With a proto-Lynchian dread and unease that stalks the frame at every turn, Scary Mother is an inimitable debut feature from assured Georgian filmmaker Ana Urushadze. Somewhat reminiscent of Darren Aronofsky’s mother! which opened earlier this year, Scary Mother is an exploration of the psychic caverns that artists plunge into in pursuit of their art.

Urushadze refreshingly remixes the concept, focusing her film on Manana, a middle-aged housewife-writer, mining her identity as a middle-aged woman for dramatic potential. Where mother! dared itself to compress the entirety of human existence into the confines of a single home, Scary Mother is reflexive, content to turn inwards to map Manana’s inner life onto the industrial gunmetal capital of Georgia, Tbilisi.

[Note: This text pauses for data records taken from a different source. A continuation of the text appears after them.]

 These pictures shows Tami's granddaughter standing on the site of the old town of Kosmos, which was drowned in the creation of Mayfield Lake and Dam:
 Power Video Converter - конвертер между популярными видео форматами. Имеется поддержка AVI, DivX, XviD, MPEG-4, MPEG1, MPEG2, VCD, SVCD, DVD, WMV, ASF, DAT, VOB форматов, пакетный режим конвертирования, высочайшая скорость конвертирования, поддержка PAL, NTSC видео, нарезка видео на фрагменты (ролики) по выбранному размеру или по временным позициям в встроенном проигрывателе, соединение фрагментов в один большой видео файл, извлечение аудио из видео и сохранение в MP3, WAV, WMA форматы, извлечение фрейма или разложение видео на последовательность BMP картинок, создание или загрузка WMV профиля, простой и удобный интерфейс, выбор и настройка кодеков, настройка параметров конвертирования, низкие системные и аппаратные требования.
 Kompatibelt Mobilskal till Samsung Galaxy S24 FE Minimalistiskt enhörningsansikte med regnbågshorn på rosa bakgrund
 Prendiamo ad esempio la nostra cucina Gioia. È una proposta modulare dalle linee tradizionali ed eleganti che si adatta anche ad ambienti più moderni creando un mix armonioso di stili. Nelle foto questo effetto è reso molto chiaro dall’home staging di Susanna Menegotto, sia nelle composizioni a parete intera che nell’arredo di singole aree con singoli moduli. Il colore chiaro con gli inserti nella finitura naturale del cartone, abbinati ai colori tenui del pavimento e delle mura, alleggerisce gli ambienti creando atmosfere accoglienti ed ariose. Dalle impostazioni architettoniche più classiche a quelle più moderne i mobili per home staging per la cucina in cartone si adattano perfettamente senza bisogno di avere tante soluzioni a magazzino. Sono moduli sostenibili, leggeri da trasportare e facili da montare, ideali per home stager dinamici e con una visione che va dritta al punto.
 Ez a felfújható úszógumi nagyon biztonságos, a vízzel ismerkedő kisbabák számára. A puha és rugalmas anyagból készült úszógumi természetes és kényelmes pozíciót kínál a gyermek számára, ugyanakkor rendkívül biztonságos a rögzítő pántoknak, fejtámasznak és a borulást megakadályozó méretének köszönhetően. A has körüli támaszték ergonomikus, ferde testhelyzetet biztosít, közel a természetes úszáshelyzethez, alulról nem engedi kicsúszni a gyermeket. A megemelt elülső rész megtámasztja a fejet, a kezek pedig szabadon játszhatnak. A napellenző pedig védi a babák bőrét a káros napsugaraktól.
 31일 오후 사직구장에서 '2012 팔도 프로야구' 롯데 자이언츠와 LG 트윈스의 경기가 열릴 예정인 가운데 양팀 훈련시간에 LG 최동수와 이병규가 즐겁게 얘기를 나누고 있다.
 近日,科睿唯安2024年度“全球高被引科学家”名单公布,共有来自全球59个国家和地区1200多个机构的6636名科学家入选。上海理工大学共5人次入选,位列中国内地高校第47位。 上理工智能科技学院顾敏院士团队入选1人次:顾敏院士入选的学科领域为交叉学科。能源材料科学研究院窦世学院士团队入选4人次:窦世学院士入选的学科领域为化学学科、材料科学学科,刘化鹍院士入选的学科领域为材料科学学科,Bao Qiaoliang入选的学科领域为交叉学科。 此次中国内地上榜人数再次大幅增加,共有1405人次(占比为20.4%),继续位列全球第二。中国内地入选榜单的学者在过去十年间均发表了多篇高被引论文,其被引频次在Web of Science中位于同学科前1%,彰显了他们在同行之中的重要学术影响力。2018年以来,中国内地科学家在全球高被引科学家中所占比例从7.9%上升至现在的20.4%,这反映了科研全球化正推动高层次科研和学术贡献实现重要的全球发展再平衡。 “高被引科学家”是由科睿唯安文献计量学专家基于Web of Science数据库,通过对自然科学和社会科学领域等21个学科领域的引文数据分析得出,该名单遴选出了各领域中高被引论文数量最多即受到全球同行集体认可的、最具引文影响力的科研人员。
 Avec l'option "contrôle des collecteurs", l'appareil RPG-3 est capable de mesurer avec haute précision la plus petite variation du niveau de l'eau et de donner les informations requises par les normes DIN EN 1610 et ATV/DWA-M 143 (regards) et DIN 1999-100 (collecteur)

Though boasting several competent performances, the film is anchored by Nato Murvanidze’s impressive turn as Manana. Traversing from wounded to flummoxed to baleful in the space of a whisper, Murvanidze inhabits herself fully into the world that Manana has created. In what could have easily turned out as a confused or scattered performance, Murvanidze side-steps and subverts capably, wearing the multiple valences and ambiguities of her character with confidence and conviction.

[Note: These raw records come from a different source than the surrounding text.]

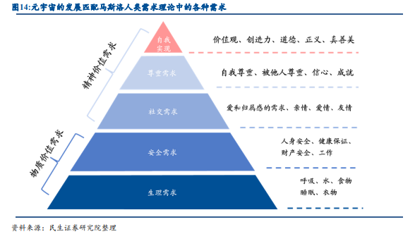 第四,元宇宙的发展匹配马斯洛人类需求理论中的各种需求。
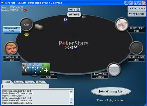 Aqui tienes que juntar la carta mas baja Aqui el as es alta. Por lo cual la mejor mano es 2-3-4-5-7 tal como dice el titulo. Hay una chance de descartar. Primero ronda de apuestas con las 5 cartas en mano y despues se descarta.
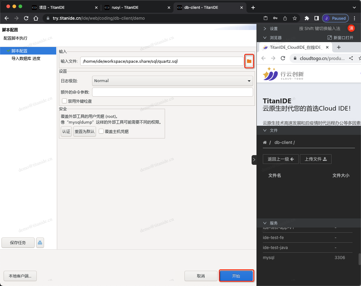 还记得上面我们讲过将数据库SQL脚本导入工作区吗?现在是时候使用这个SQL脚本了,通过输入文件右侧图标打开文件选择框,选择好您要导入的数据SQL脚本,如 /home/ide/workspace/space.share/sql/quartz.sql然后点击【开始】按钮:
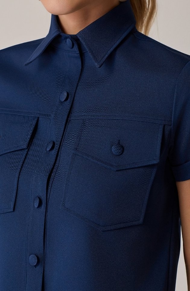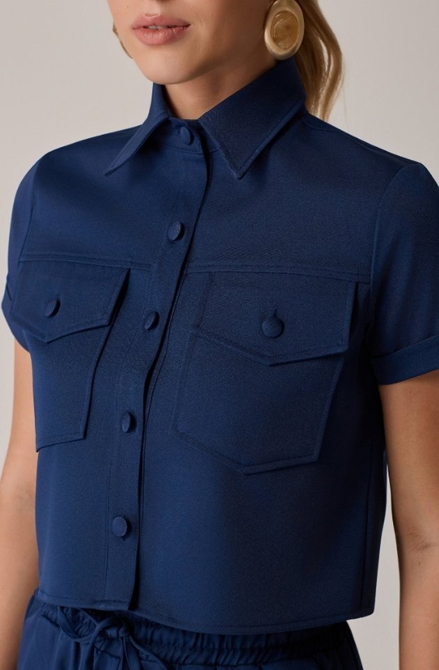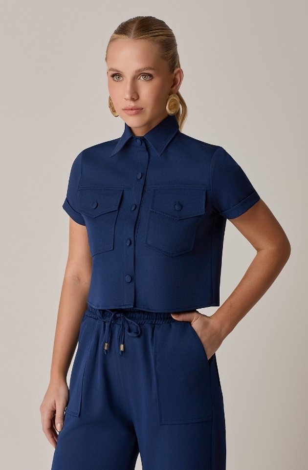 A Camisa Cropped LECLOÁ traz a força da alfaiataria para um visual moderno e descomplicado. Com comprimento mais curto, gola clássica e botões dourados aparentes, valoriza produções elegantes com um toque contemporâneo. Os bolsos frontais com lapela reforçam a estética utilitária, enquanto as mangas dobradas finalizam o look com sofisticação e leveza.
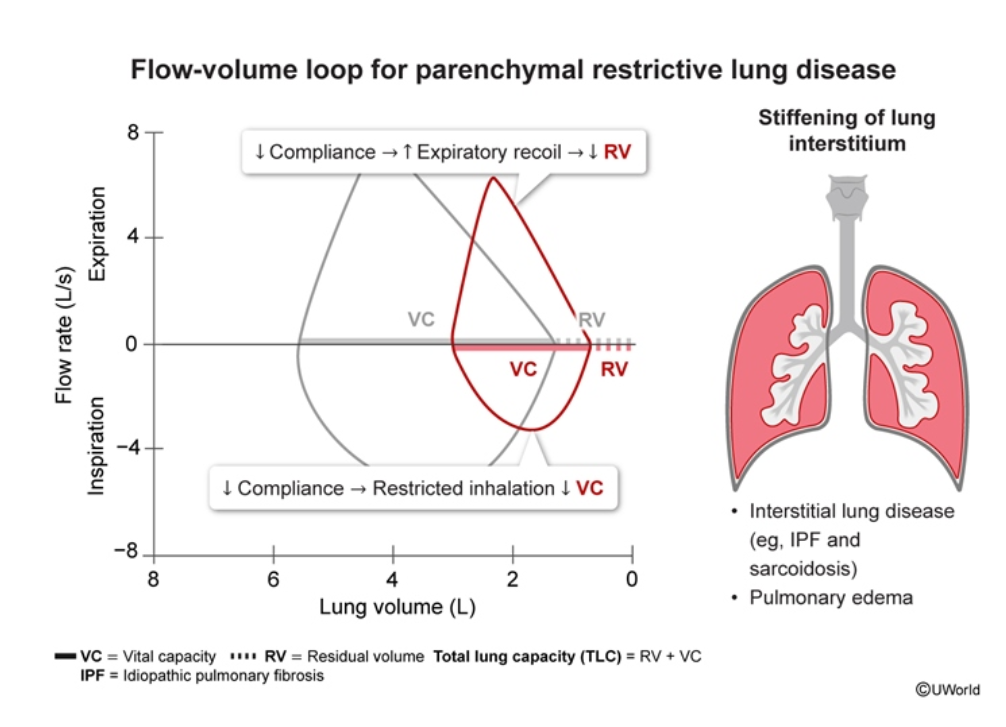 What flow volume changes would we expect in restrictive lung disease?
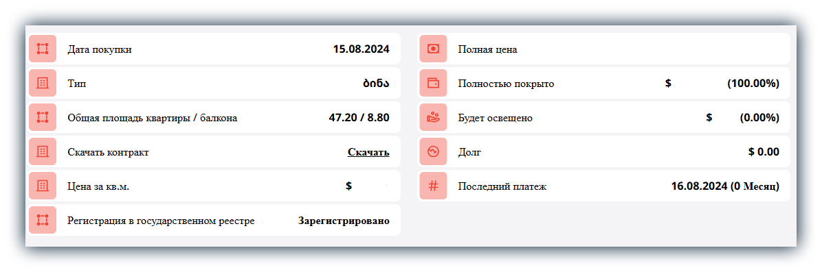 Баланс - После использования вашего реферального кода, когда новый покупатель вводит ваш индивидуальный код при покупке квартиры, на ваш баланс будет зачислено 300 GEL, которые вы можете использовать только путем перевода на баланс обслуживания здания;

Supporting her is the suitably panicky performance from Ramaz Ioseliani, who plays Nukri, Manana’s friend and self-declared agent and editor. Bringing the edge of a nervous weasel to his performance, Ioseliani plays it up just enough to suffuse the film with a streak of darkly mordant humour. Nukri’s passion and enthusiasm for Manana’s work drives much of the film, it is he who pushes Manana to complete her novel by providing her with a womblike crimson drenched room to work in and he who crusades on behalf of her for a publisher.

Nika Pasuri’s sparse score winds up the tension in the film ever tighter. His spaced out repertoire of strains, scratches and clicks is a phantasmagoric aural assault, drawing out and building upon the macabre that Urushadze conjures and sustains capably. 


Disappointingly, the sense of menace and portent that Urushadze wields so assuredly never adds up to more. It remains just that, a texture of striking sights and sounds but not much else. The film’s meta-commentary on itself weaves and bobs, eventually folds back and collapses upon on itself, cannibalizing its own impact like an ouroboros. Scary Mother is ultimately a work that is revelatory of its Urushadze’s very impressive directing bones, but it is not transcendent. Not yet at least. 

The film was in competition in the Asian Features category of the 28th Singapore International Film Festival.